◆ WHAT THE TASK REQUIRES
Below is a set of records. Repeat them verbatim without the pictures.

◆ RECORDS FOR THIS EXERCISE
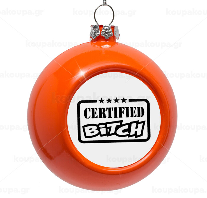 Certified Bitch, Orange Christmas tree ornament bauble 8cm
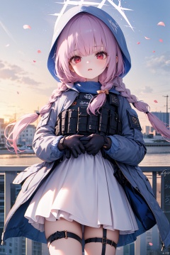 nai3, 11girl,solo,(masterpiece:1.3),( beautiful:1.2),(high quality:1.2),(finely detailed:1.2),extremely detailed CG unity 8k wallpaper,best quality,a very delicate and beautiful,perfect fingers,(one cute girl at the center:1.2), 1girl, solo, long hair, looking at viewer, bangs, red eyes, gloves, long sleeves, bow, holding, standing, jacket, pink hair, purple hair, braid, flower, cowboy shot, outdoors, sky, black gloves, hood, petals, thigh strap, halo, hooded jacket, hood up, bouquet, holding bouquet, long hair, bangs, red eyes, gloves, long sleeves, jacket, purple hair, braid, black gloves, hood, twin braids, halo, white jacket, hooded jacket, hood up, low twin braids, bulletproof vest, cross-laced sleeves,atsukoBA
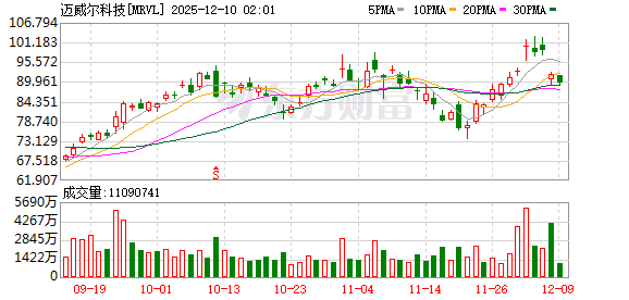 中金公司维持迈威尔科技(MRVL.O)跑赢行业评级,目标价120美元:
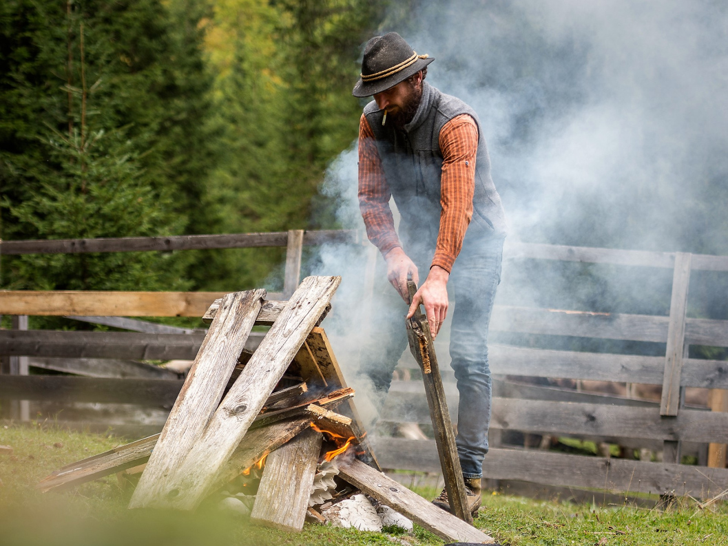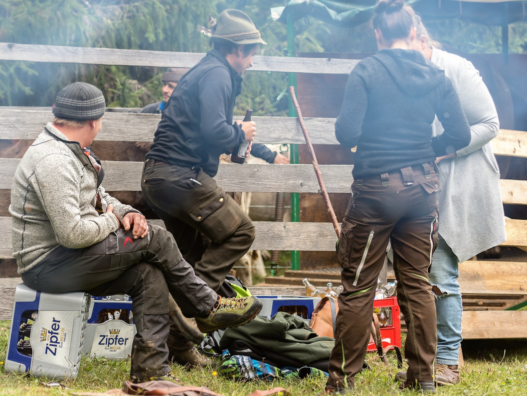 Mit unseren Bildern sind wir von der Alm bis nach Mieming „ganz nah dran“. Fotografiert hat Elias Kapeller, der schon beim Sammeln des Almviehs auf der Feldernalm dabei war und die Nacht gemeinsam mit 20 Hirten auf der Alm verbrachte. Nach getaner Arbeit zündete Almhirt Martin Reich ein Feuer an. Zum Imbiss und Bier erzählten sich die Hirten erlebte Geschichten vom Almsommer. Der war überwiegend sehr verregnet und durch das viel zu kalte Frühjahr hatten die Hirten allen Grund, mit dem Weidefutter nicht „zu 100 Prozent“ zufrieden sein zu können.
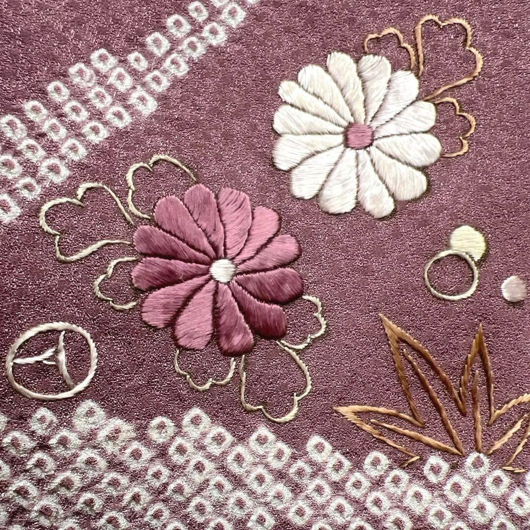 くすみのある紫地に絞りの文様と刺繍で織られた菊花や楓の文様が華やかな一着です。
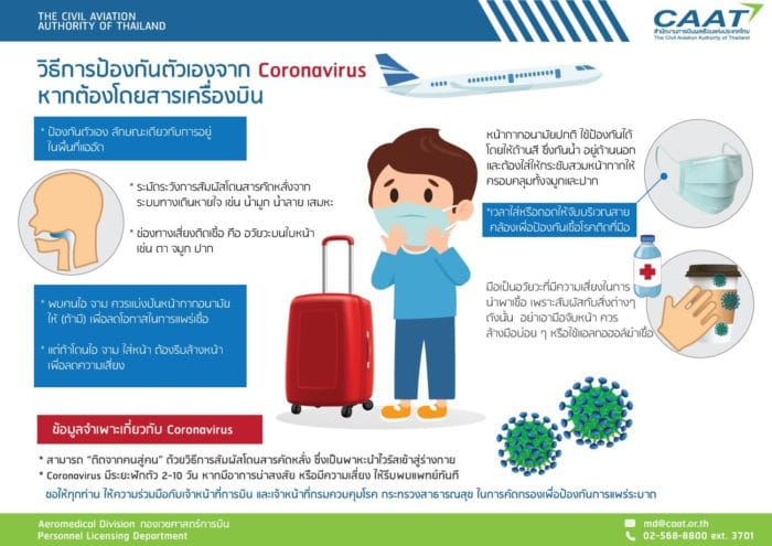 อัพเดท…ทางสำนักงานการบินพลเรือนแห่งประเทศไทย (กพท. หรือ CAAT) ได้คำแนะนำประชาชนที่หากมรเหตุจำเป็นต้องไปต่างประเทศด้วยเครื่องบินในช่วงนี้ โดยทาง กพท. ได้อธิบายและแนะนำวิธีป้องกันตัวเองจากการแพร่ระบาดของเชื้อ ไวรัสโควิด-19 โดยผู้โดยสารควรจำเป็นต้องป้องกันตัวเองในลักษณะเดียวกับการอยู่ในพื้นที่แออัด ดังนี้
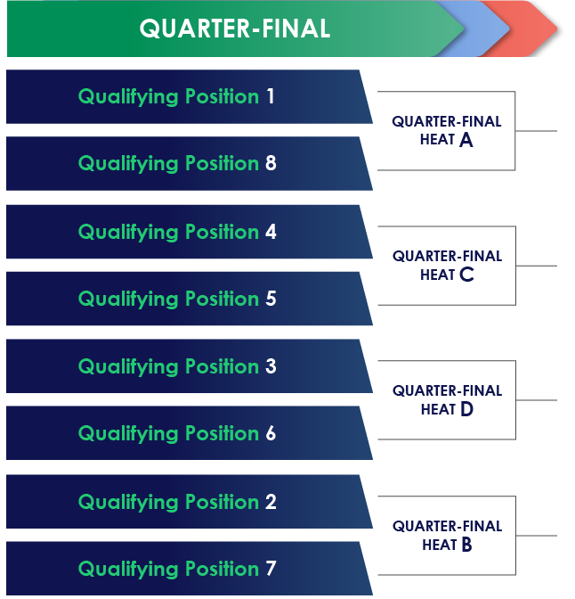 - 予選順位はタイム順で決定し、決勝トーナメント準々決勝の対戦カードが確定
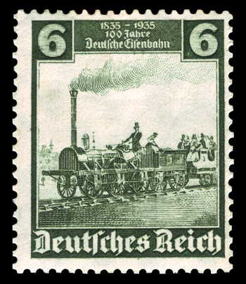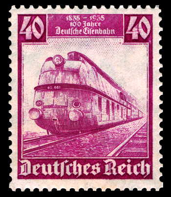 Motiv "Adler fra 1835 og protoyp av DRs diesellok type V180 (type 118) |

◆ EXPECTED ANSWER
 Certified Bitch, Orange Christmas tree ornament bauble 8cm
 nai3, 11girl,solo,(masterpiece:1.3),( beautiful:1.2),(high quality:1.2),(finely detailed:1.2),extremely detailed CG unity 8k wallpaper,best quality,a very delicate and beautiful,perfect fingers,(one cute girl at the center:1.2), 1girl, solo, long hair, looking at viewer, bangs, red eyes, gloves, long sleeves, bow, holding, standing, jacket, pink hair, purple hair, braid, flower, cowboy shot, outdoors, sky, black gloves, hood, petals, thigh strap, halo, hooded jacket, hood up, bouquet, holding bouquet, long hair, bangs, red eyes, gloves, long sleeves, jacket, purple hair, braid, black gloves, hood, twin braids, halo, white jacket, hooded jacket, hood up, low twin braids, bulletproof vest, cross-laced sleeves,atsukoBA
 中金公司维持迈威尔科技(MRVL.O)跑赢行业评级,目标价120美元:
 Mit unseren Bildern sind wir von der Alm bis nach Mieming „ganz nah dran“. Fotografiert hat Elias Kapeller, der schon beim Sammeln des Almviehs auf der Feldernalm dabei war und die Nacht gemeinsam mit 20 Hirten auf der Alm verbrachte. Nach getaner Arbeit zündete Almhirt Martin Reich ein Feuer an. Zum Imbiss und Bier erzählten sich die Hirten erlebte Geschichten vom Almsommer. Der war überwiegend sehr verregnet und durch das viel zu kalte Frühjahr hatten die Hirten allen Grund, mit dem Weidefutter nicht „zu 100 Prozent“ zufrieden sein zu können.
 くすみのある紫地に絞りの文様と刺繍で織られた菊花や楓の文様が華やかな一着です。
 อัพเดท…ทางสำนักงานการบินพลเรือนแห่งประเทศไทย (กพท. หรือ CAAT) ได้คำแนะนำประชาชนที่หากมรเหตุจำเป็นต้องไปต่างประเทศด้วยเครื่องบินในช่วงนี้ โดยทาง กพท. ได้อธิบายและแนะนำวิธีป้องกันตัวเองจากการแพร่ระบาดของเชื้อ ไวรัสโควิด-19 โดยผู้โดยสารควรจำเป็นต้องป้องกันตัวเองในลักษณะเดียวกับการอยู่ในพื้นที่แออัด ดังนี้
 - 予選順位はタイム順で決定し、決勝トーナメント準々決勝の対戦カードが確定
 Motiv "Adler fra 1835 og protoyp av DRs diesellok type V180 (type 118) |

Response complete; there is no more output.